### To do
Please state how many lines in the records that follow include "avec", with no other output.

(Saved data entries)
○ ○ ○ ○ ○

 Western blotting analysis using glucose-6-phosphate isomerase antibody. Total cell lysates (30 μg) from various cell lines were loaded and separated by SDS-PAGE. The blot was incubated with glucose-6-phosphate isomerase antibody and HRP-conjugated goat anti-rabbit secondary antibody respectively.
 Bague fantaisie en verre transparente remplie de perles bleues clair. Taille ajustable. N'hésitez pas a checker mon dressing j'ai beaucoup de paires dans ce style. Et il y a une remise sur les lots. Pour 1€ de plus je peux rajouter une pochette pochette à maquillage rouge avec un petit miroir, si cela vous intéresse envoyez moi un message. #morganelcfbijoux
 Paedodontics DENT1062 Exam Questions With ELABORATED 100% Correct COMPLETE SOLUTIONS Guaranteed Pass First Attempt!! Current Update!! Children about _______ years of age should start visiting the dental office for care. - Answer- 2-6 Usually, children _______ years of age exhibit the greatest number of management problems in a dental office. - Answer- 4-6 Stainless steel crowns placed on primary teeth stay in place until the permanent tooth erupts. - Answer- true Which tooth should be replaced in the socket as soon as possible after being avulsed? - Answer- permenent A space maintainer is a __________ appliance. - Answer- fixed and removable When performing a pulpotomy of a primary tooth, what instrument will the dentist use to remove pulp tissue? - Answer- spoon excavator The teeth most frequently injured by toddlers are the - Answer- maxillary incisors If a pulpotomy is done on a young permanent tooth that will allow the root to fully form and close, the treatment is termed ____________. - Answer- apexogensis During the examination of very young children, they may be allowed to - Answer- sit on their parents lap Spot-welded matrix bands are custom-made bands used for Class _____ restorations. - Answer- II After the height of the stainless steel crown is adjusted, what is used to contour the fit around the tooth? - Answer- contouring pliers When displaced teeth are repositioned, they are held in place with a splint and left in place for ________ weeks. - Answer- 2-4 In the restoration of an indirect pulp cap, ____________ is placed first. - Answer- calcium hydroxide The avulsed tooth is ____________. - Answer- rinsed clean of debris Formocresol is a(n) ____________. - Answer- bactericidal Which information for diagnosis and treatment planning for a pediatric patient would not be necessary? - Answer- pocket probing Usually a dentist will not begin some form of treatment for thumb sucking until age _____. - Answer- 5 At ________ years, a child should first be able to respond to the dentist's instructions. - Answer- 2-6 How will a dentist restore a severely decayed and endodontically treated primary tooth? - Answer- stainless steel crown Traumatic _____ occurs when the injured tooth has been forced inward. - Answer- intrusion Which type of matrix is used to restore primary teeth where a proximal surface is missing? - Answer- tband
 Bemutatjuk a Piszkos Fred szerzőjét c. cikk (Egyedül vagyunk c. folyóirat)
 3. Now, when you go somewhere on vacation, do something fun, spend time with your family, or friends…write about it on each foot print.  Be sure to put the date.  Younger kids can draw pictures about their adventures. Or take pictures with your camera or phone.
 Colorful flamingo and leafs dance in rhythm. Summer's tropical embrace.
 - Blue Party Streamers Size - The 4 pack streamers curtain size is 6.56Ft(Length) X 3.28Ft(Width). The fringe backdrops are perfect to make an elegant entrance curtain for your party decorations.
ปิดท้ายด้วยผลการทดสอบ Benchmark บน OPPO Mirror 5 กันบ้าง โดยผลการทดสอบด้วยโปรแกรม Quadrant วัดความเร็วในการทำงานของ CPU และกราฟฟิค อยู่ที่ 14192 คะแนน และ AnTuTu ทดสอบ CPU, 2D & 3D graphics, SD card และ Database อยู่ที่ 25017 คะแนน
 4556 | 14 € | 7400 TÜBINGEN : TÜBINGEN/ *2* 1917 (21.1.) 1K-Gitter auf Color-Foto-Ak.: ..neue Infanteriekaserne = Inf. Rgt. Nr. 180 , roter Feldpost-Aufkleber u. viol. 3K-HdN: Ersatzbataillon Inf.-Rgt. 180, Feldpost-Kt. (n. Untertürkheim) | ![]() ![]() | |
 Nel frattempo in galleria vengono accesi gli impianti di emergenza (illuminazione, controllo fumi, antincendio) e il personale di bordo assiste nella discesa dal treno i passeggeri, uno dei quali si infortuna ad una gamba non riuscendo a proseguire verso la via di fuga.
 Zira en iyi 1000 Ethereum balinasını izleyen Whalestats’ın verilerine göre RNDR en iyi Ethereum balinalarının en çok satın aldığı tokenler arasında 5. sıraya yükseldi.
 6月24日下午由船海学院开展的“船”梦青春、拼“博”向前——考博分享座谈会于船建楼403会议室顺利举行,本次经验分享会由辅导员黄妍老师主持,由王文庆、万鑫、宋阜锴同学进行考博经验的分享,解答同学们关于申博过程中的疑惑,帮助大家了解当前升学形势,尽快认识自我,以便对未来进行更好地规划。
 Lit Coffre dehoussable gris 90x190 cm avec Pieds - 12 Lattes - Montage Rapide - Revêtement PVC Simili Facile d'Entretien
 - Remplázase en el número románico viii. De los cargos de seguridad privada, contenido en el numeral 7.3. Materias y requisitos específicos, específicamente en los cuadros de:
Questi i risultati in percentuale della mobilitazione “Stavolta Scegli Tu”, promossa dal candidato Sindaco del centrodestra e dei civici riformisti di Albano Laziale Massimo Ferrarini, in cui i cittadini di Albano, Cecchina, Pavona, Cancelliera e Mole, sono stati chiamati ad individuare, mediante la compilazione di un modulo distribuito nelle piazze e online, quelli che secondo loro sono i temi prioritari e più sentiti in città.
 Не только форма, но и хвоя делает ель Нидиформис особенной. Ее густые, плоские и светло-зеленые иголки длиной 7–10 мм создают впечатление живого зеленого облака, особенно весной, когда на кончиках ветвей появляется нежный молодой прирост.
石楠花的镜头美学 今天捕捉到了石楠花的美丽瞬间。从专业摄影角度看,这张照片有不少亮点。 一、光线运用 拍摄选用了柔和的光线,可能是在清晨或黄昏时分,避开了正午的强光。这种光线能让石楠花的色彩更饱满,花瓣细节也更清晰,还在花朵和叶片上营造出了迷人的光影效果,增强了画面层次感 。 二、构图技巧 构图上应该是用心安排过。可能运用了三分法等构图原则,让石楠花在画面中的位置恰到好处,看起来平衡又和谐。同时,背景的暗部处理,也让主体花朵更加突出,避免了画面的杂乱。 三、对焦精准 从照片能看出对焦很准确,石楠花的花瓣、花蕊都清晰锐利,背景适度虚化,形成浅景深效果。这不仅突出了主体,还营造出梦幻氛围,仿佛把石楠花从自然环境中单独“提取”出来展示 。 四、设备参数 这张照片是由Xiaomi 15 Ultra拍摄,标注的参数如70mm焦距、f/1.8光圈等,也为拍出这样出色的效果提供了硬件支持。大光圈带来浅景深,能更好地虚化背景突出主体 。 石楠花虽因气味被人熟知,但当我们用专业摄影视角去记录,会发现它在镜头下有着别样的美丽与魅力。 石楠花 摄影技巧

○ ○ ○ ○ ○

### Solution for this problem
2